» About this exercise
All entries below must be retyped exactly, though pictures are to be skipped.

» Data for analysis
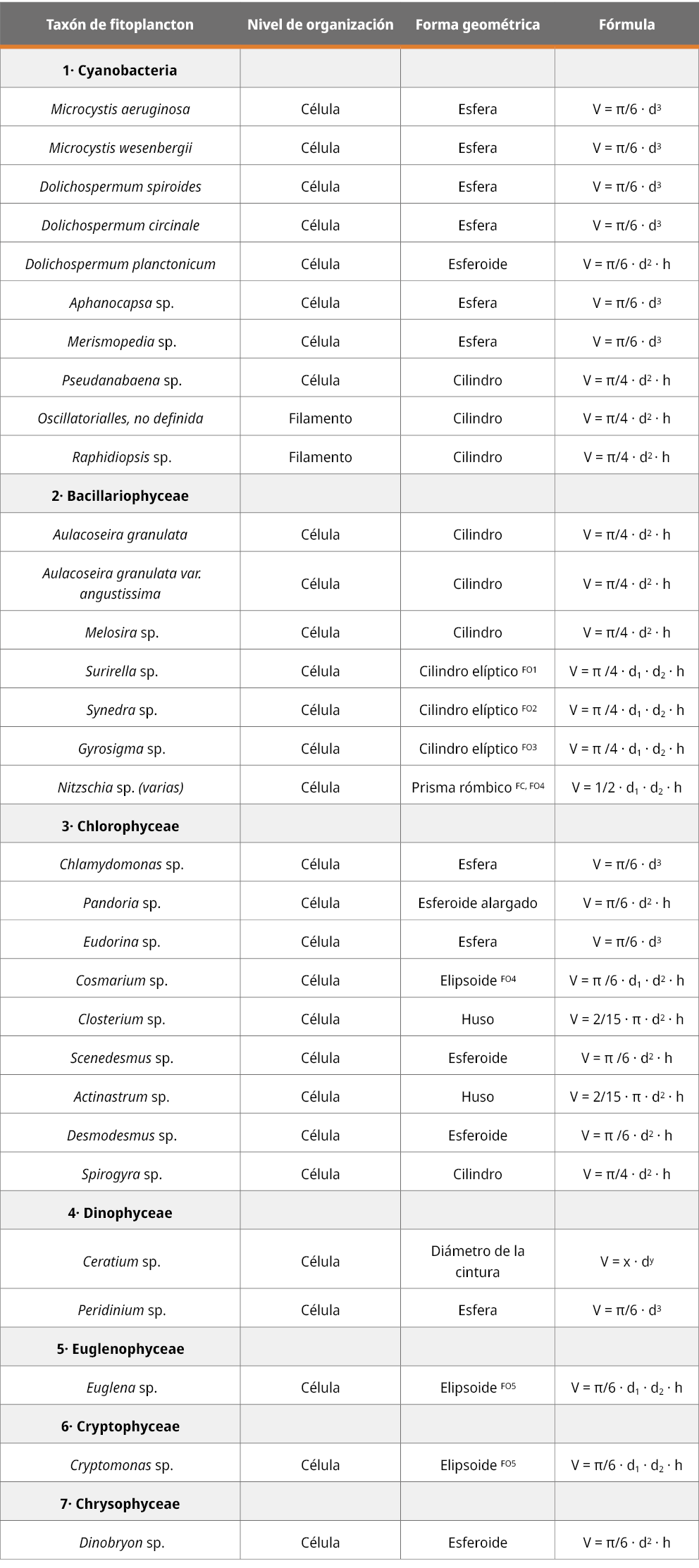Las estimaciones del biovolumen se realizaron a nivel celular, filamentoso y colonial, y para dichos cálculos se trabajó con 9 formas geométricas descritas por la Norma UNE-EN 16695:2016 (Asociación Española de Normalización y Certificación, 2016) en su Anexo A, de acuerdo con cada taxón (esfera, esferoide, cilindro, cilindro elíptico, prisma rómbico, esferoide alargado, huso, elipsoide y diámetro de la cintura para Ceratium) (Ver Tabla 1). Cuando una figura geométrica asignada no se ajustó al volumen efectivo, el resultado se multiplicó por un “factor de corrección” de la forma geométrica para estimar de modo preciso el volumen, en base a un listado de taxones establecidos con las formas geométricas, factor de corrección y factor de dimensión oculta (Napiórkowska-Krzebietke y Kobos, 2016; Asociación Española de Normalización y Certificación, 2016).
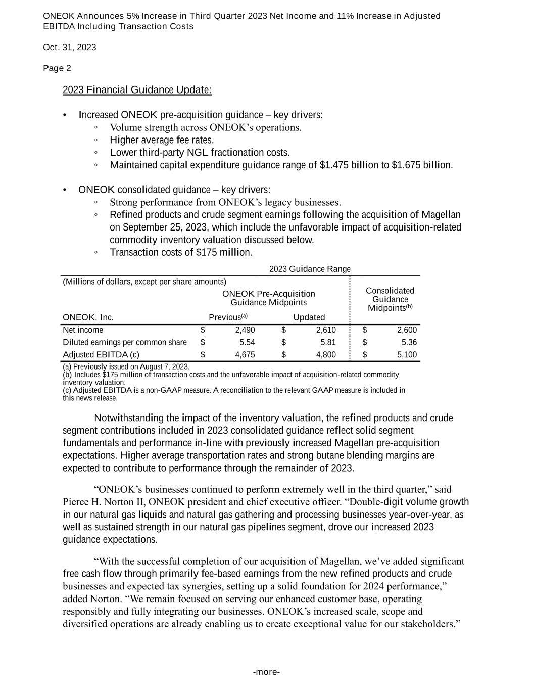 ONEOK Announces 5% Increase in Third Quarter 2023 Net Income and 11% Increase in Adjusted EBITDA Including Transaction Costs Oct. 31, 2023 Page 2 -more- 2023 Financial Guidance Update: • Increased ONEOK pre-acquisition guidance – key drivers: ◦ Volume strength across ONEOK’s operations. ◦ Higher average fee rates. ◦ Lower third-party NGL fractionation costs. ◦ Maintained capital expenditure guidance range of $1.475 billion to $1.675 billion. • ONEOK consolidated guidance – key drivers: ◦ Strong performance from ONEOK’s legacy businesses. ◦ Refined products and crude segment earnings following the acquisition of Magellan on September 25, 2023, which include the unfavorable impact of acquisition-related commodity inventory valuation discussed below. ◦ Transaction costs of $175 million. 2023 Guidance Range (Millions of dollars, except per share amounts) Consolidated Guidance Midpoints(b) ONEOK Pre-Acquisition Guidance Midpoints ONEOK, Inc. Previous(a) Updated Net income $ 2,490 $ 2,610 $ 2,600 Diluted earnings per common share $ 5.54 $ 5.81 $ 5.36 Adjusted EBITDA (c) $ 4,675 $ 4,800 $ 5,100 (a) Previously issued on August 7, 2023. (b) Includes $175 million of transaction costs and the unfavorable impact of acquisition-related commodity inventory valuation. (c) Adjusted EBITDA is a non-GAAP measure. A reconciliation to the relevant GAAP measure is included in this news release. Notwithstanding the impact of the inventory valuation, the refined products and crude segment contributions included in 2023 consolidated guidance reflect solid segment fundamentals and performance in-line with previously increased Magellan pre-acquisition expectations. Higher average transportation rates and strong butane blending margins are expected to contribute to performance through the remainder of 2023. “ONEOK’s businesses continued to perform extremely well in the third quarter,” said Pierce H. Norton II, ONEOK president and chief executive officer. “Double-digit volume growth in our natural gas liquids and natural gas gathering and processing businesses year-over-year, as well as sustained strength in our natural gas pipelines segment, drove our increased 2023 guidance expectations. “With the successful completion of our acquisition of Magellan, we’ve added significant free cash flow through primarily fee-based earnings from the new refined products and crude businesses and expected tax synergies, setting up a solid foundation for 2024 performance,” added Norton. “We remain focused on serving our enhanced customer base, operating responsibly and fully integrating our businesses. ONEOK’s increased scale, scope and diversified operations are already enabling us to create exceptional value for our stakeholders.”
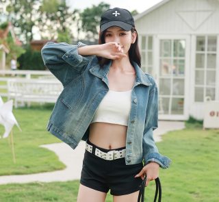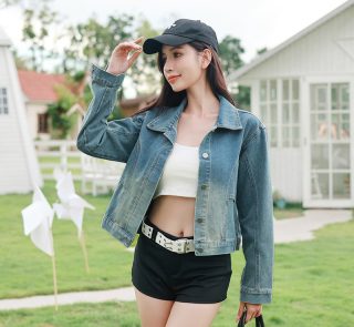 Women’s Spring and Autumn Plain Long Sleeves Denim Jacket Fashionable Coat
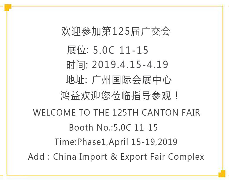 創(chuàng)新科技,行業(yè)領(lǐng)先!鴻益機(jī)械連續(xù)20多屆參與廣交會(huì),2019春季中國(guó)進(jìn)出口產(chǎn)品交易會(huì),再次如約而至。鴻益機(jī)械帶您領(lǐng)略科技創(chuàng)新技術(shù),歡迎全球新老顧客蒞臨參觀指導(dǎo),鴻益機(jī)械期待您的到來(lái)!
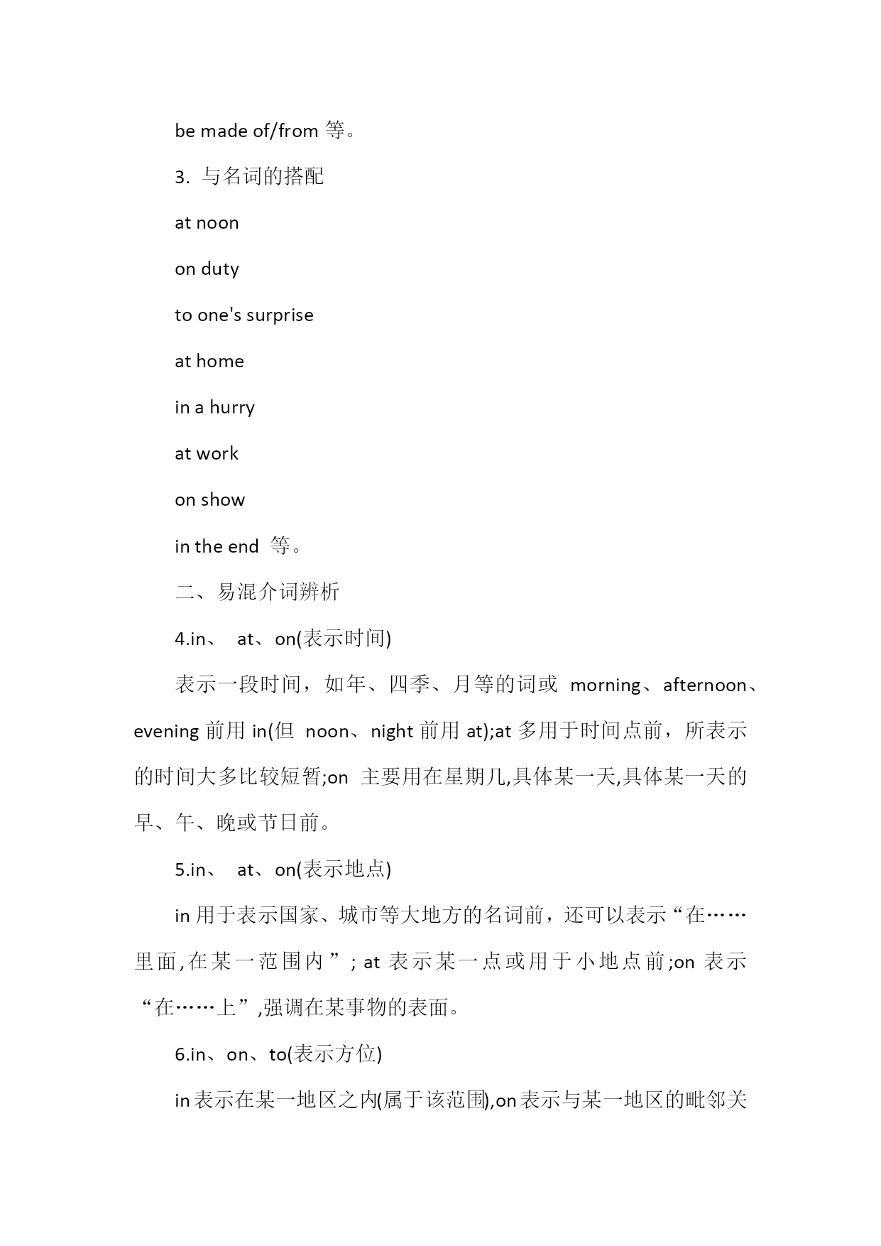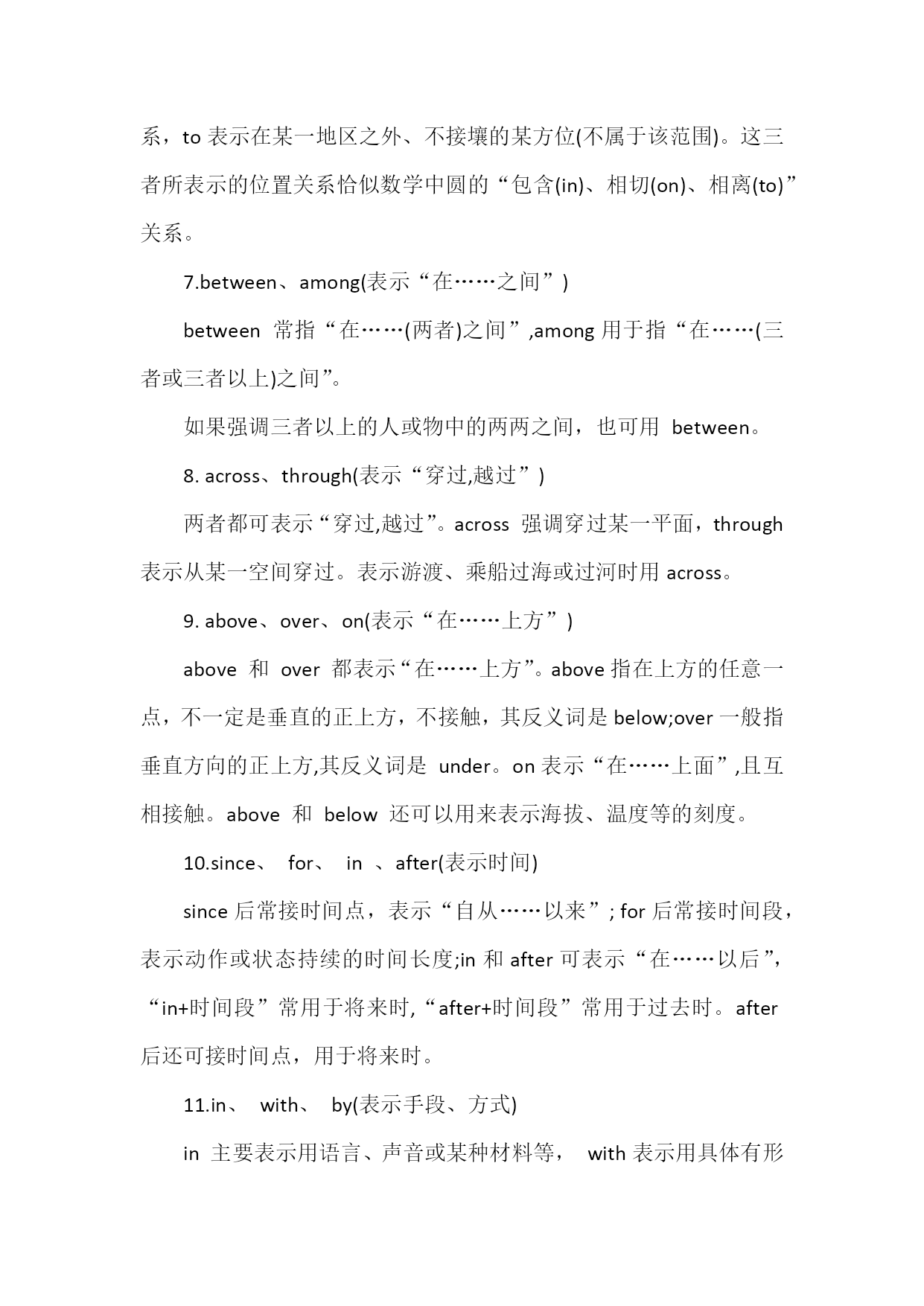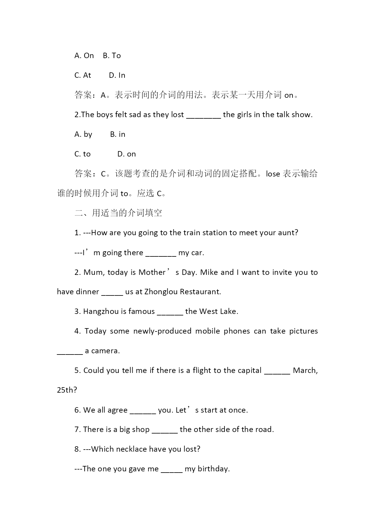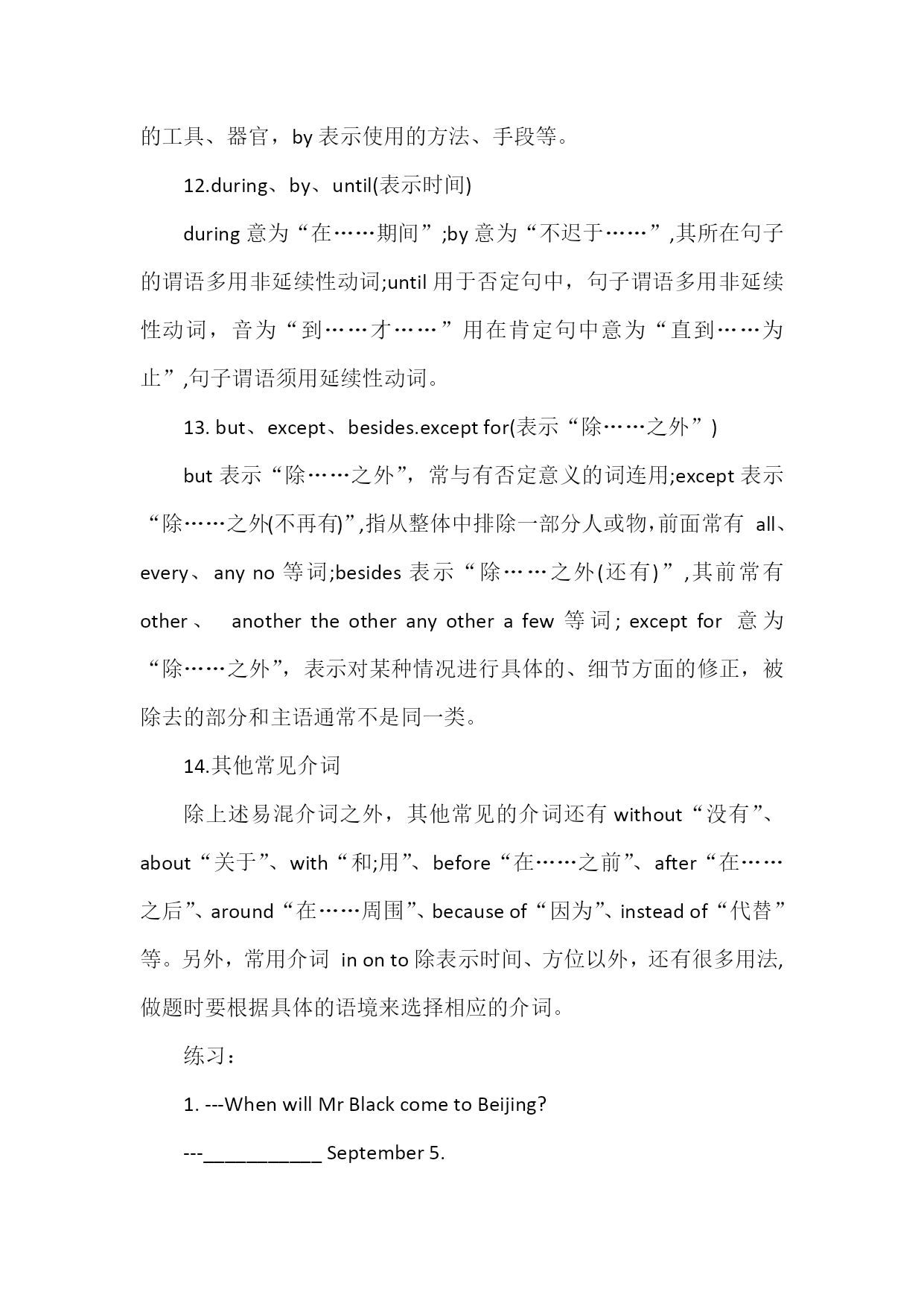 中考英语介词的用法及练习介词介词是一种虚词,用来表示名词或相当于名词的其它词语句中其它词的关系,不能单独使用。介词可与名词或相当于名词的其它词构成介词短语。介词短语可在句中作定语,状语,表语和宾语补足语。例如:TheboyoverthereisJohn’sbrother.(定语)Thegirlwillbebackintwohours.(状语)OurEnglishteacherisfromAustralia.(表语)Helpyourselftosomefish.(宾语补足语)一、常见介词的固定搭配1.与形容词的搭配bestrictwithbeproudofbeangrywithbebusywithbegoodat等2.与动词的搭配lookatarrivein/atlookaftercatchupwithbemadeof/from等。3.与名词的搭配atnoonondutytoone'ssurpriseathomeinahurryatworkonshowintheend等。二、易混介词辨析4.in、at、on(表示时间)表示一段时间,如年、四季、月等的词或morning、afternoon、evening前用in(但noon、night前用at);at多用于时间点前,所表示的时间大多比较短暂;on主要用在星期几,具体某一天,具体某一天的早、午、晚或节日前。5.in、at、on(表示地点)in用于表示国家、城市等大地方的名词前,还可以表示“在……里面,在某一范围内”;at表示某一点或用于小地点前;on表示“在……上”,强调在某事物的表面。6.in、on、to(表示方位)in表示在某一地区之内(属于该范围),on表示与某一地区的毗邻关系,to表示在某一地区之外、不接壤的某方位(不属于该范围)。这三者所表示的位置关系恰似数学中圆的“包含(in)、相切(on)、相离(to)”关系。7.between、among(表示“在……之间”)between常指“在……(两者)之间”,among用于指“在……(三者或三者以上)之间”。如果强调三者以上的人或物中的两两之间,也可用between。8.across、through(表示“穿过,越过”)两者都可表示“穿过,越过”。across强调穿过某一平面,through表示从某一空间穿过。表示游渡、乘船过海或过河时用across。9.above、over、on(表示“在……上方”)above和over都表示“在……上方”。above指在上方的任意一点,不一定是垂直的正上方,不接触,其反义词是below;over一般指垂直方向的正上方,其反义词是under。on表示“在……上面”,且互相接触。above和below还可以用来表示海拔、温度等的刻度。10.since、for、in、after(表示时间)since后常接时间点,表示“自从……以来”;for后常接时间段,表示动作或状态持续的时间长度;in和after可表示“在……以后”,“in+时间段”常用于将来时,“after+时间段”常用于过去时。after后还可接时间点,用于将来时。11.in、with、by(表示手段、方式)in主要表示用语言、声音或某种材料等,with表示用具体有形的工具、器官,by表示使用的方法、手段等。12.during、by、until(表示时间)during意为“在……期间”;by意为“不迟于……”,其所在句子的谓语多用非延续性动词;until用于否定句中,句子谓语多用非延续性动词,音为“到……才……”用在肯定句中意为“直到……为止”,句子谓语须用延续性动词。13.but、except、besides.exceptfor(表示“除……之外”)but表示“除……之外”,常与有否定意义的词连用;except表示“除……之外(不再有)”,指从整体中排除一部分人或物,前面常有all、every、anyno等词;besides表示“除……之外(还有)”,其前常有other、anothertheotheranyotherafew等词;exceptfor意为“除……之外”,表示对某种情况进行具体的、细节方面的修正,被除去的部分和主语通常不是同一类。14.其他常见介词除上述易混介词之外,其他常见的介词还有without“没有”、about“关于”、with“和;用”、before“在……之前”、after“在……之后”、around“在……周围”、becauseof“因为”、insteadof“代替”等。另外,常用介词inonto除表示时间、方位以外,还有很多用法,做题时要根据具体的语境来选择相应的介词。练习:1.---Whenwill

» Answer space
Las estimaciones del biovolumen se realizaron a nivel celular, filamentoso y colonial, y para dichos cálculos se trabajó con 9 formas geométricas descritas por la Norma UNE-EN 16695:2016 (Asociación Española de Normalización y Certificación, 2016) en su Anexo A, de acuerdo con cada taxón (esfera, esferoide, cilindro, cilindro elíptico, prisma rómbico, esferoide alargado, huso, elipsoide y diámetro de la cintura para Ceratium) (Ver Tabla 1). Cuando una figura geométrica asignada no se ajustó al volumen efectivo, el resultado se multiplicó por un “factor de corrección” de la forma geométrica para estimar de modo preciso el volumen, en base a un listado de taxones establecidos con las formas geométricas, factor de corrección y factor de dimensión oculta (Napiórkowska-Krzebietke y Kobos, 2016; Asociación Española de Normalización y Certificación, 2016).
 ONEOK Announces 5% Increase in Third Quarter 2023 Net Income and 11% Increase in Adjusted EBITDA Including Transaction Costs Oct. 31, 2023 Page 2 -more- 2023 Financial Guidance Update: • Increased ONEOK pre-acquisition guidance – key drivers: ◦ Volume strength across ONEOK’s operations. ◦ Higher average fee rates. ◦ Lower third-party NGL fractionation costs. ◦ Maintained capital expenditure guidance range of $1.475 billion to $1.675 billion. • ONEOK consolidated guidance – key drivers: ◦ Strong performance from ONEOK’s legacy businesses. ◦ Refined products and crude segment earnings following the acquisition of Magellan on September 25, 2023, which include the unfavorable impact of acquisition-related commodity inventory valuation discussed below. ◦ Transaction costs of $175 million. 2023 Guidance Range (Millions of dollars, except per share amounts) Consolidated Guidance Midpoints(b) ONEOK Pre-Acquisition Guidance Midpoints ONEOK, Inc. Previous(a) Updated Net income $ 2,490 $ 2,610 $ 2,600 Diluted earnings per common share $ 5.54 $ 5.81 $ 5.36 Adjusted EBITDA (c) $ 4,675 $ 4,800 $ 5,100 (a) Previously issued on August 7, 2023. (b) Includes $175 million of transaction costs and the unfavorable impact of acquisition-related commodity inventory valuation. (c) Adjusted EBITDA is a non-GAAP measure. A reconciliation to the relevant GAAP measure is included in this news release. Notwithstanding the impact of the inventory valuation, the refined products and crude segment contributions included in 2023 consolidated guidance reflect solid segment fundamentals and performance in-line with previously increased Magellan pre-acquisition expectations. Higher average transportation rates and strong butane blending margins are expected to contribute to performance through the remainder of 2023. “ONEOK’s businesses continued to perform extremely well in the third quarter,” said Pierce H. Norton II, ONEOK president and chief executive officer. “Double-digit volume growth in our natural gas liquids and natural gas gathering and processing businesses year-over-year, as well as sustained strength in our natural gas pipelines segment, drove our increased 2023 guidance expectations. “With the successful completion of our acquisition of Magellan, we’ve added significant free cash flow through primarily fee-based earnings from the new refined products and crude businesses and expected tax synergies, setting up a solid foundation for 2024 performance,” added Norton. “We remain focused on serving our enhanced customer base, operating responsibly and fully integrating our businesses. ONEOK’s increased scale, scope and diversified operations are already enabling us to create exceptional value for our stakeholders.”
 Women’s Spring and Autumn Plain Long Sleeves Denim Jacket Fashionable Coat
 創(chuàng)新科技,行業(yè)領(lǐng)先!鴻益機(jī)械連續(xù)20多屆參與廣交會(huì),2019春季中國(guó)進(jìn)出口產(chǎn)品交易會(huì),再次如約而至。鴻益機(jī)械帶您領(lǐng)略科技創(chuàng)新技術(shù),歡迎全球新老顧客蒞臨參觀指導(dǎo),鴻益機(jī)械期待您的到來(lái)!
 中考英语介词的用法及练习介词介词是一种虚词,用来表示名词或相当于名词的其它词语句中其它词的关系,不能单独使用。介词可与名词或相当于名词的其它词构成介词短语。介词短语可在句中作定语,状语,表语和宾语补足语。例如:TheboyoverthereisJohn’sbrother.(定语)Thegirlwillbebackintwohours.(状语)OurEnglishteacherisfromAustralia.(表语)Helpyourselftosomefish.(宾语补足语)一、常见介词的固定搭配1.与形容词的搭配bestrictwithbeproudofbeangrywithbebusywithbegoodat等2.与动词的搭配lookatarrivein/atlookaftercatchupwithbemadeof/from等。3.与名词的搭配atnoonondutytoone'ssurpriseathomeinahurryatworkonshowintheend等。二、易混介词辨析4.in、at、on(表示时间)表示一段时间,如年、四季、月等的词或morning、afternoon、evening前用in(但noon、night前用at);at多用于时间点前,所表示的时间大多比较短暂;on主要用在星期几,具体某一天,具体某一天的早、午、晚或节日前。5.in、at、on(表示地点)in用于表示国家、城市等大地方的名词前,还可以表示“在……里面,在某一范围内”;at表示某一点或用于小地点前;on表示“在……上”,强调在某事物的表面。6.in、on、to(表示方位)in表示在某一地区之内(属于该范围),on表示与某一地区的毗邻关系,to表示在某一地区之外、不接壤的某方位(不属于该范围)。这三者所表示的位置关系恰似数学中圆的“包含(in)、相切(on)、相离(to)”关系。7.between、among(表示“在……之间”)between常指“在……(两者)之间”,among用于指“在……(三者或三者以上)之间”。如果强调三者以上的人或物中的两两之间,也可用between。8.across、through(表示“穿过,越过”)两者都可表示“穿过,越过”。across强调穿过某一平面,through表示从某一空间穿过。表示游渡、乘船过海或过河时用across。9.above、over、on(表示“在……上方”)above和over都表示“在……上方”。above指在上方的任意一点,不一定是垂直的正上方,不接触,其反义词是below;over一般指垂直方向的正上方,其反义词是under。on表示“在……上面”,且互相接触。above和below还可以用来表示海拔、温度等的刻度。10.since、for、in、after(表示时间)since后常接时间点,表示“自从……以来”;for后常接时间段,表示动作或状态持续的时间长度;in和after可表示“在……以后”,“in+时间段”常用于将来时,“after+时间段”常用于过去时。after后还可接时间点,用于将来时。11.in、with、by(表示手段、方式)in主要表示用语言、声音或某种材料等,with表示用具体有形的工具、器官,by表示使用的方法、手段等。12.during、by、until(表示时间)during意为“在……期间”;by意为“不迟于……”,其所在句子的谓语多用非延续性动词;until用于否定句中,句子谓语多用非延续性动词,音为“到……才……”用在肯定句中意为“直到……为止”,句子谓语须用延续性动词。13.but、except、besides.exceptfor(表示“除……之外”)but表示“除……之外”,常与有否定意义的词连用;except表示“除……之外(不再有)”,指从整体中排除一部分人或物,前面常有all、every、anyno等词;besides表示“除……之外(还有)”,其前常有other、anothertheotheranyotherafew等词;exceptfor意为“除……之外”,表示对某种情况进行具体的、细节方面的修正,被除去的部分和主语通常不是同一类。14.其他常见介词除上述易混介词之外,其他常见的介词还有without“没有”、about“关于”、with“和;用”、before“在……之前”、after“在……之后”、around“在……周围”、becauseof“因为”、insteadof“代替”等。另外,常用介词inonto除表示时间、方位以外,还有很多用法,做题时要根据具体的语境来选择相应的介词。练习:1.---Whenwill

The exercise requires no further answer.